US 12,217,295 B2
Method, medium, and system for generating synthetic data
Anh Truong, Champaign, IL (US); Austin Walters, Savoy, IL (US); and Jeremy Goodsitt, Champaign, IL (US)
Assigned to Capital One Services, LLC, McLean, VA (US)
Filed by Capital One Services, LLC, McLean, VA (US)
Filed on Jul. 21, 2020, as Appl. No. 16/935,013.
Application 16/935,013 is a continuation of application No. 16/514,000, filed on Jul. 17, 2019, granted, now 10,755,338.
Prior Publication US 2021/0019804 A1, Jan. 21, 2021
Int. Cl. G06Q 30/00 (2023.01); G06F 16/28 (2019.01); G06N 5/04 (2023.01); G06N 20/00 (2019.01); G06Q 30/0601 (2023.01)

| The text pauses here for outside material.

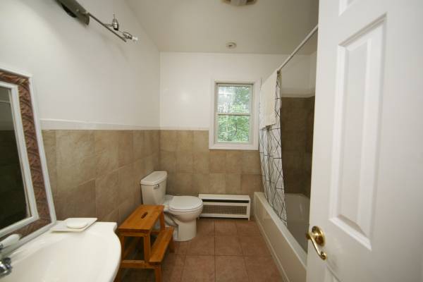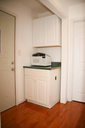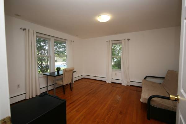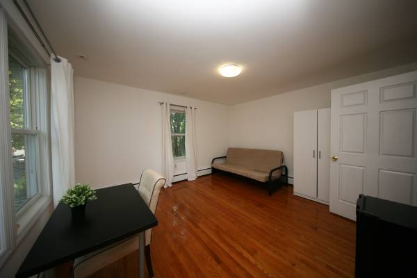 The room has clean hardwood floor. We offer a half fridge, table, futon, carpet, a free-standing armoire and if needed, some shelves.
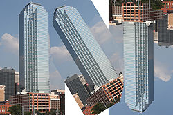 بعض برامج محررات الرسوميات تسمح للمستخدم بإلتفاف (أو "تحويل وإلتواء") إنگليزية: distort شكل الصورة. وفي حين أن هذا قد يكون مفيدا للتأثيرات الخاصّة، فهو أيضاً يعتبر الطريقة المفضلة لتصحيح ميلان المنظور perspective -الذي ينتج عادة في الصور التي يتم إلتقاطها بزاوية مائلة- إلى وضع مستقيم rectilinear. ولابد من الحرص أثناء تنفيذ هذه المهمة، لأن الصورة يتم إعادة معالجتها باستخدام الاستيفاء إنگليزية: interpolation من البكسل المجاور ، الذي قد يقلل من درجة النقاءإنگليزية: definitionالعام للصورة. هذا التأثير يحاكي استخدام عدسة التحكم بالمنظور إنگليزية: perspective control lensفي آلة التصوير،الذي يحقق نفس التعديل من دون خسارة نقاء الصورة.

CPC G06Q 30/0631 (2013.01) [G06F 16/285 (2019.01); G06N 5/04 (2013.01); G06N 20/00 (2019.01)] 20 Claims
OG exemplary drawing
 
1. A system, comprising:
one or more memory devices storing instructions; and
one or more processors configured to execute the instructions to perform operations comprising:
categorizing historical consumer data based on a set of characteristics comprising at least one of a transactional volume, a click-through rate, or whether the historical consumer data falls below a sparsity limit;
receiving a first request to generate a first synthetic dataset as training data to a machine learning system, the first request specifying a first requirement for at least one of the characteristics;
retrieving, from the historical consumer data, a first subset of the historical consumer data satisfying the first requirement;
providing the first subset of the historical consumer data as input to a data model, the data model mapping from a random or pseudorandom vector to elements in a training data space, to generate the first synthetic dataset for the machine learning system, wherein generating the first synthetic dataset comprises determining a vector connecting a first representative point and a second representative point in code space; and
providing the first synthetic dataset as training data to the machine learning system.